LIU Yanqi, ZHENG Guanqun, CHEN Zhixian, JIN Xiaoqi, SHENG Xiaodong, WANG Zhiqiang. Correlation between plasma trimethylamine-N-oxide and coronary heart disease and its effect on the prognosis of patients with coronary heart disease[J]. Journal of Clinical Medicine in Practice, 2022, 26(24): 90-96. DOI: 10.7619/jcmp.20221667
Citation: LIU Yanqi, ZHENG Guanqun, CHEN Zhixian, JIN Xiaoqi, SHENG Xiaodong, WANG Zhiqiang. Correlation between plasma trimethylamine-N-oxide and coronary heart disease and its effect on the prognosis of patients with coronary heart disease[J]. Journal of Clinical Medicine in Practice, 2022, 26(24): 90-96. DOI: 10.7619/jcmp.20221667

Correlation between plasma trimethylamine-N-oxide and coronary heart disease and its effect on the prognosis of patients with coronary heart disease

  • Objective To investigate the correlation between trimethylamine-N-oxide (TMAO) and coronary heart disease (CHD) and its impact on the prognosis of patients with CHD.
    Methods From May 2019 to December 2020, 200 CHD patients who underwent coronary angiography (CHD group) and 124 healthy subjects with negative coronary angiography or coronary CT results (control group) were selected. The level of TMAO was determined by high performance liquid chromatography tandem mass spectrometry (HPLC-MS/MS). According to the median plasma TMAO value of 3.14 μmol/L, the CHD group was divided into group A(low TMAO CHD group) and group B (high TMAO CHD group). Gensini score was used to evaluate the degree of coronary artery disease. The levels of TMAO in the control group and CHD group were analyzed, and the correlation between the degree of coronary artery disease and TMAO level was analyzed. The influencing factors of CHD and TMAO were analyzed by logistic regression. Patients with CHD were followed up for 1 year, death, myocardial infarction, revascularization and other adverse events were recorded. Kaplan-Meier survival and risk curves were drawn to further compare the incidence of adverse events between the group A and group B.
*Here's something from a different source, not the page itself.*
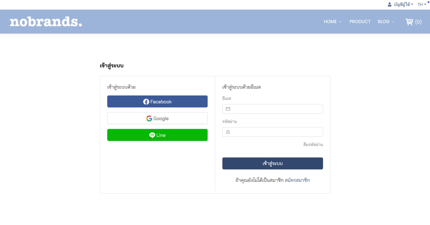 ที่หน้าเว็บไซต์ หน้าเข้าสู่ระบบ
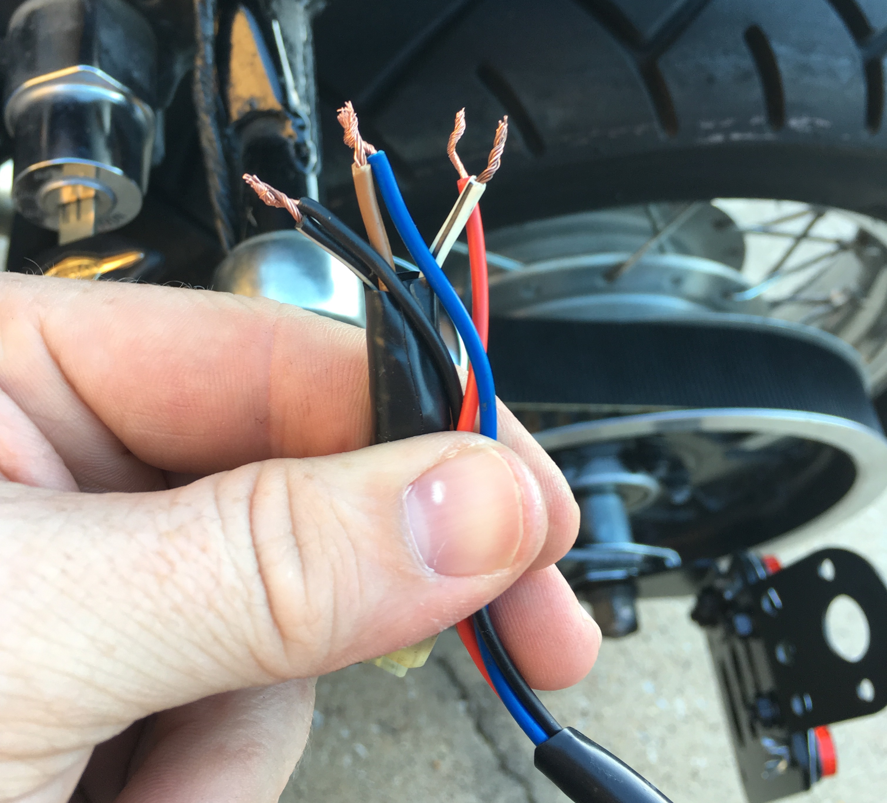 After ordering a sick bobber style tail light assembly with license plate holder I ran into some problems with the color coating of the wires on bike vs on the new "universal brake light" here is what I researched and what I found out. Pictures explain

    Results The level of TMAO in the CHD group was significantly higher than that in the control group (P=0.001). High TMAO level was a risk factor for CHD (OR=7.54, 95%CI, 4.27 to 13.33, P < 0.001); in patients with CHD, high body mass index (BMI) was a risk factor for elevated TMAO (OR=1.48, 95%CI, 1.09 to 2.00, P=0.001). The Gensini score of the group A was significantly lower than that of the group B (P < 0.05). Serum TMAO level in CHD patients was positively correlated with Gensini score (r=-0.449, P < 0.001). There was a significant difference in survival curve between the group A and group B (P=0.005). In group B, the survival rate decreased and the hazard rate increased.
    Conclusion TMAO is one of the influencing factors for CHD, and the severity of lesions and cardiovascular adverse events in CHD patients are related to TMAO level. TMAO can be used as a diagnostic and prognostic marker for CHD.